Hook: Standard dry fly, size 10 to 16

Thread: Black UNI 8/0, or similar

Wings: White calf body hair, upright and divided

Tail: Moose body hair

Body: Peacock/orange UNI-Mylar tinsel (#14), peacock side showing

Shellback: Deer body hair dyed black

Hackle: Rooster or saddle dyed black

Tying Instructions

Step 1: Mount the hook in the vise and lay down a base of thread wraps along the forward half of the shank. Clip a tuft of calf body hair from the hide. Clean and stack the hair. Measure the wing to just over the length of the hook shank. Tie in the wing hair, tips pointing forward, about one-quarter of the hook shank aft of the hook eye. Trim the excess wing butts on a slant to give a tapered underbody to the fly.

STEP 1
STEP 1

Step 2: With your fingers, tilt the wing upright. Use thread wraps as a dam ahead of the base to get the wing to stand vertically. Divide the wing in half and use X wraps or figure-eight wraps and other judicious turns of thread to create a pair of split, upright wings. Don’t worry excessively about how vertically the wings stand now. You will be able to perform final adjustments when you eventually wind your hackle behind and ahead of the wings.

STEP 2
STEP 2

Step 3: Cover the trimmed butts of the wing calf hair with an even layer of thread wraps. Clip a tuft of moose body hair, clean, and stack. Measure the tail the length of the hook shank. Tie in the tail just forward of the start of the hook bend. Wind the thread forward to the butt of the wings and trim the tail butts to create an even underbody.

STEP 3
STEP 3

Step 4: Tie in a length of Mylar with the side you eventually want to see facing away from you. Now clip a tuft of deer hair, clean away the short hairs and underfur, and stack it. Pinch the hair by the butts in your off hand and trim the butts cleanly, close to your fingers. With the hair tips pointing aft, tie in the hair near the midpoint of the hook shank. Cover the hair back to the base of the tail, then wind forward toward the wing, continuing to create an even underbody. Now cover the underbody with overlapping turns of Mylar. Tie off the Mylar ahead of the midpoint and trim the excess.

STEP 4
STEP 4

Step 5: Pull the deer hair shellback forward with a slight twist to compact it and lash it firmly at about the same point you tied in the shellback butts. Trim the excess shellback hair. You should now have some space behind the wing for the rear hackle, as well as space in front of the wing for several turns of forward hackle.

STEP 5
STEP 5

Step 6: Select a long saddle hackle feather or pair of feathers from a rooster cape with fibers about one and a half times the width of the hook gap or slightly shorter than the height of the wing.
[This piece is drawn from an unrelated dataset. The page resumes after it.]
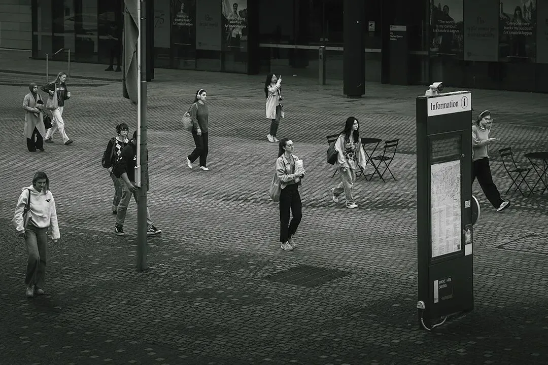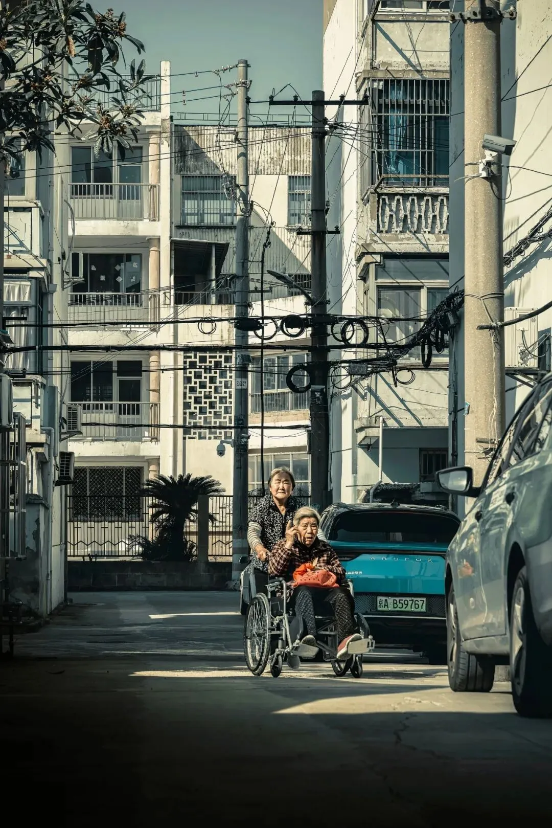 但真正的转折,始于她将镜头从远方收回,投向街巷与人。老城余温、市井侧影、步履痕迹——这些曾被宏大叙事忽略的日常,成为她新的注视对象。她并未因题材之变而松懈对画面结构的追求,而是将这几年训练的素养内化为一种更为节制的语言:以线条牵引叙事,以光影划分情绪,让秩序退居幕后,成为情感悄然浮现的支架。

Lash the stem of the hackle or hackles aft of the wing with the tips of the feather pointing toward the back of the f ly. Advance the thread to just behind the hook eye. Wind the hackle forward, with several turns behind the wing and several more forward. Tie off behind the eye of the hook, clip the excess, and whip finish. Saturate the final thread wraps with lacquer or your favorite head cement. (For the picture of step 6, see the completed fly at the top of the post.)